Let $f : X \to Y$ be a morphism of schemes. Write $\Delta : X \to X \times_Y X$ for the diagonal morphism.
The morphism $f$ is called separated if $\Delta(X)$ is a closed subspace of $X \times_Y X$.
A scheme $X$ is called separated if the terminal morphism $X \to \operatorname{Spec} \mathbb{Z}$ is separated.
Let $X$ be a scheme (resp. a locally noetherian scheme), $f: X\to Y$ a morphism of schemes (resp. a morphism locally of finite type). The following conditions are equivalent.
$f$ is separated.
The diagonal morphism $X\to X\times_Y X$ is quasicompact, and for every affine scheme $Y' = Spec A$ in which $A$ is a valuation ring (resp. a discrete valuation ring), any two morphisms from $Y'\to X$ which coincide at the generic point of $Y'$ are equal.
The diagonal morphism $X\to X\times_Y X$ is quasicompact, and for every affine scheme of the form $Y' = Spec A$ in which $A$ is a valuation ring (resp. a discrete valuation ring), any two sections of $X' = X(Y')$ which coincide at the generic point of $Y'$ are equal.
This is the valuative criterion of separatedness.

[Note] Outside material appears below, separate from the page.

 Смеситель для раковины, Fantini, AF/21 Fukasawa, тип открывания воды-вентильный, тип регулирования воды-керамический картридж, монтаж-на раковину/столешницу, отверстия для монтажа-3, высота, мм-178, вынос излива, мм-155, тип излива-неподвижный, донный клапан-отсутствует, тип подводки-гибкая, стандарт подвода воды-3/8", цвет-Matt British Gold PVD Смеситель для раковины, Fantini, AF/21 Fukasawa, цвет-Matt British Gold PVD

See Hartshorne or EGA II for more details.
Therefore separated schemes are analogous to Hausdorff topological spaces (which are also sometimes called ‘separated’) and more generally of Hausdorff toposes. The characterization in terms of the diagonal map is precisely the same as that used for Hausdorff locales. See separated geometric morphism for more.